Work instruction :: Without the pictures, repeat all of the data exactly as it appears below.

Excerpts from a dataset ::

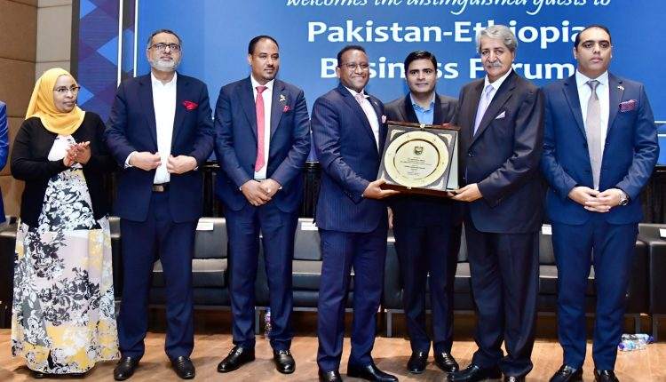 Minister of Commerce Syed Naveed Qamar presented the best ambassador award to H.E. Jemal Beker Abdula during the Ethiopia-Pakistan Business Forum.
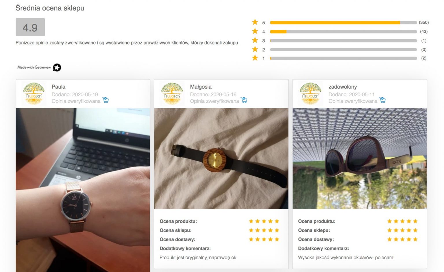 - Nic tak nie buduje wiarygodności marki, jak opinie zadowolonych klientów. Dlatego dobrze sprawdza się umieszczanie na kartach produktów lub w ramach odrębnej zakładki opinii klientów i rekomendacji. Największą zaletą korzystania z opinii klientów, jest ich prawdziwość – użytkownik zakupił, przetestował i wyraził swoje zdanie na temat produktu. Możliwość poznania opinii innych internautów na temat oferowanego przez Ciebie produktu, zadziała na kupującego jak społeczny dowód słuszności, skłaniając go do zakupu. Dzięki jego wypowiedzi Twój sklep zyska na wiarygodności. Opinie klientów są również istotnym elementem biorącym udział w pozycjonowaniu Twojej strony w wyszukiwarce internetowej.
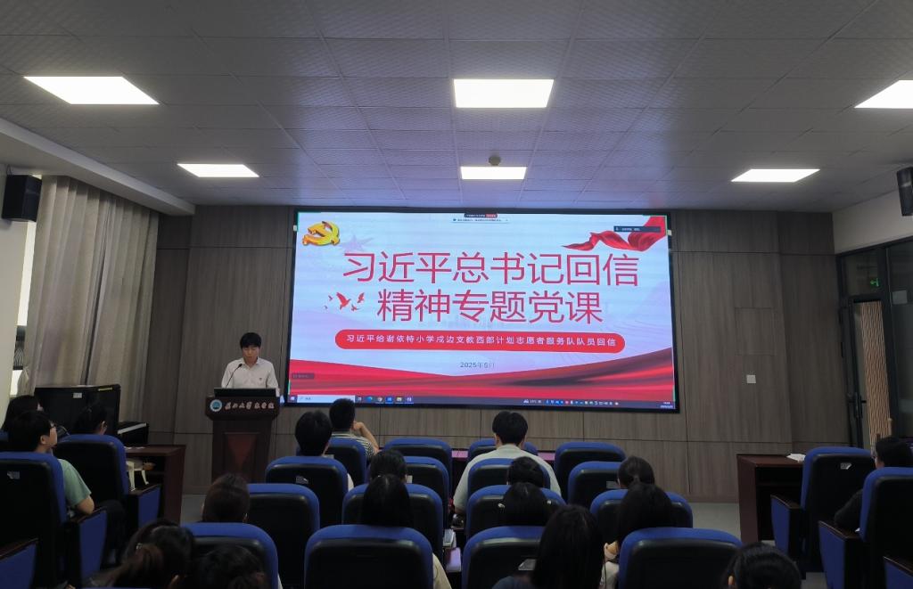 会上,史庆潇同志带领全体党员全文学习了习近平总书记给谢依特小学戍边支教西部计划志愿者服务队队员的回信。通过介绍教育强国建设等时代背景,他深入分析了戍边支教西部计划的战略意义,指出这不仅推动了当地教育事业发展,还在民族团结进步、兴边富民和稳边固边中发挥了积极作用。对此,他强调作为新时代中国青年应坚定理想信念,厚植家国情怀,练就过硬本领,发扬奋斗精神,到祖国和人民最需要的地方发光发热,为中国式现代化建设贡献青春力量。与会党员们认真聆听,深刻领会到习近平总书记对青年一代的关怀与厚望,纷纷表示要将回信精神牢记于心,落实于行。
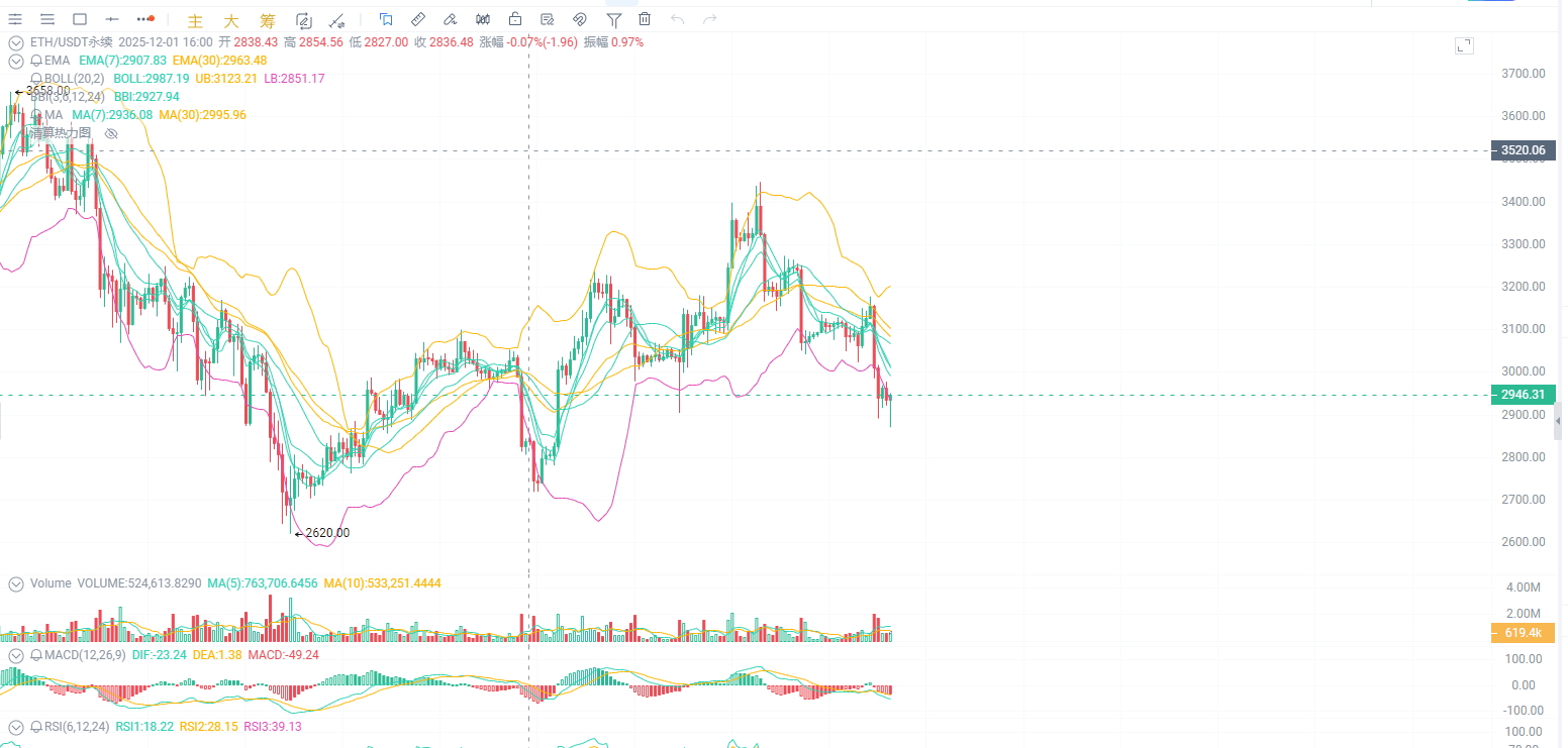 Let's take another look at the technicals. Looking at the ETH one-hour candlestick chart, it seems to be rising, but those in the know understand that one cannot just look at the surface. Now, looking at the MACD indicator below, the white line and yellow line are stuck together below the zero axis, forming a 'death cross'. What does this mean? This is a rebound in a downtrend, lacking significant strength. The upper level of 3150 is like an insurmountable high wall, pressing down hard. The lower level of 3000 is a key psychological support level; if it breaks again, the support level at 2890 will be in danger.
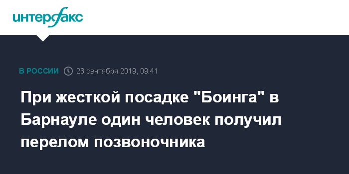 При жесткой посадке "Боинга" в Барнауле один человек получил перелом позвоночника
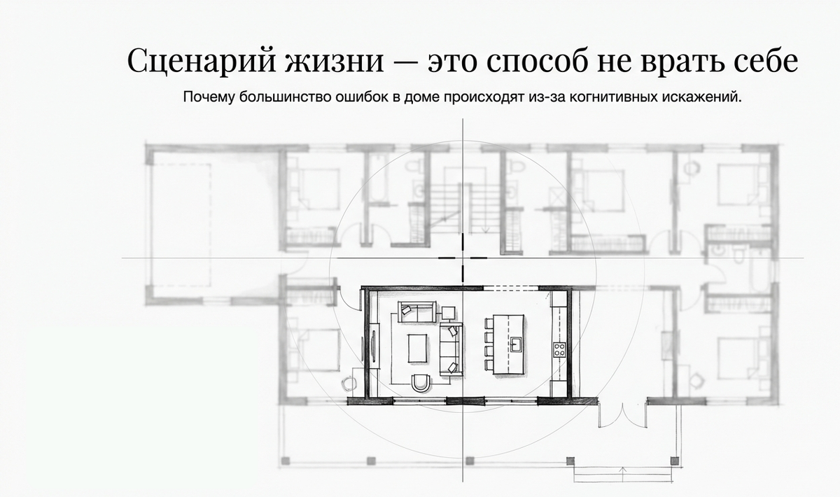 Они возникают по другой причине — мы обманываем сами себя. Мы проектируем дом для идеальной версии себя. для человека, который готовит каждый день, занимается спортом по утрам и собирает гостей по выходным. А живём — совсем по другому сценарию. В итоге получается красивый, дорогой, но неудобный дом. Лаборатория Сценариев Загородной Жизни разработала методику «Маяк», которая обходит эти искажения. Проблема в том, что мы системно переоцениваем редкие события и недооцениваем повседневность. Нам кажется, что гостиная должна быть большой — «вдруг будем часто принимать друзей». Кухня — просторной, «вдруг начну готовить». Нужен кабинет, спортзал, отдельная комната на будущее. Но если честно посмотреть на реальность, становится понятно: 70–80% жизни проходит в повторяющихся действиях. Сон, работа, бытовые процессы, дорога. И только 15–25% времени остаётся тем самым «настоящим» — тем,
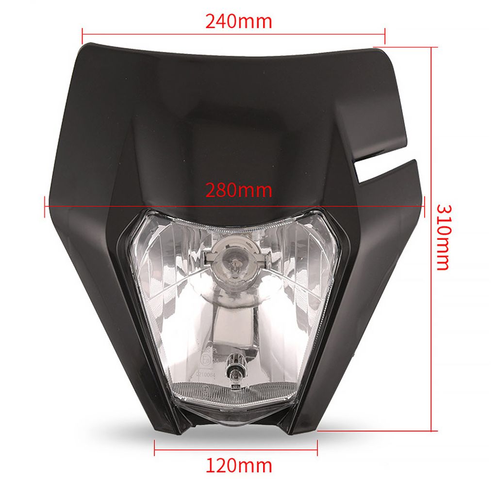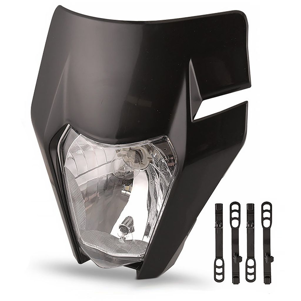 Strålkastare med framkåpa. Designen är inspirerad utav KTM. Universal modell som kan fästas på de flesta cross / enduro samt även mindre Dirtbikes.

Reply to the exercise ::
 Minister of Commerce Syed Naveed Qamar presented the best ambassador award to H.E. Jemal Beker Abdula during the Ethiopia-Pakistan Business Forum.
 - Nic tak nie buduje wiarygodności marki, jak opinie zadowolonych klientów. Dlatego dobrze sprawdza się umieszczanie na kartach produktów lub w ramach odrębnej zakładki opinii klientów i rekomendacji. Największą zaletą korzystania z opinii klientów, jest ich prawdziwość – użytkownik zakupił, przetestował i wyraził swoje zdanie na temat produktu. Możliwość poznania opinii innych internautów na temat oferowanego przez Ciebie produktu, zadziała na kupującego jak społeczny dowód słuszności, skłaniając go do zakupu. Dzięki jego wypowiedzi Twój sklep zyska na wiarygodności. Opinie klientów są również istotnym elementem biorącym udział w pozycjonowaniu Twojej strony w wyszukiwarce internetowej.
 会上,史庆潇同志带领全体党员全文学习了习近平总书记给谢依特小学戍边支教西部计划志愿者服务队队员的回信。通过介绍教育强国建设等时代背景,他深入分析了戍边支教西部计划的战略意义,指出这不仅推动了当地教育事业发展,还在民族团结进步、兴边富民和稳边固边中发挥了积极作用。对此,他强调作为新时代中国青年应坚定理想信念,厚植家国情怀,练就过硬本领,发扬奋斗精神,到祖国和人民最需要的地方发光发热,为中国式现代化建设贡献青春力量。与会党员们认真聆听,深刻领会到习近平总书记对青年一代的关怀与厚望,纷纷表示要将回信精神牢记于心,落实于行。
 Let's take another look at the technicals. Looking at the ETH one-hour candlestick chart, it seems to be rising, but those in the know understand that one cannot just look at the surface. Now, looking at the MACD indicator below, the white line and yellow line are stuck together below the zero axis, forming a 'death cross'. What does this mean? This is a rebound in a downtrend, lacking significant strength. The upper level of 3150 is like an insurmountable high wall, pressing down hard. The lower level of 3000 is a key psychological support level; if it breaks again, the support level at 2890 will be in danger.
 При жесткой посадке "Боинга" в Барнауле один человек получил перелом позвоночника
 Они возникают по другой причине — мы обманываем сами себя. Мы проектируем дом для идеальной версии себя. для человека, который готовит каждый день, занимается спортом по утрам и собирает гостей по выходным. А живём — совсем по другому сценарию. В итоге получается красивый, дорогой, но неудобный дом. Лаборатория Сценариев Загородной Жизни разработала методику «Маяк», которая обходит эти искажения. Проблема в том, что мы системно переоцениваем редкие события и недооцениваем повседневность. Нам кажется, что гостиная должна быть большой — «вдруг будем часто принимать друзей». Кухня — просторной, «вдруг начну готовить». Нужен кабинет, спортзал, отдельная комната на будущее. Но если честно посмотреть на реальность, становится понятно: 70–80% жизни проходит в повторяющихся действиях. Сон, работа, бытовые процессы, дорога. И только 15–25% времени остаётся тем самым «настоящим» — тем,
 Strålkastare med framkåpa. Designen är inspirerad utav KTM. Universal modell som kan fästas på de flesta cross / enduro samt även mindre Dirtbikes.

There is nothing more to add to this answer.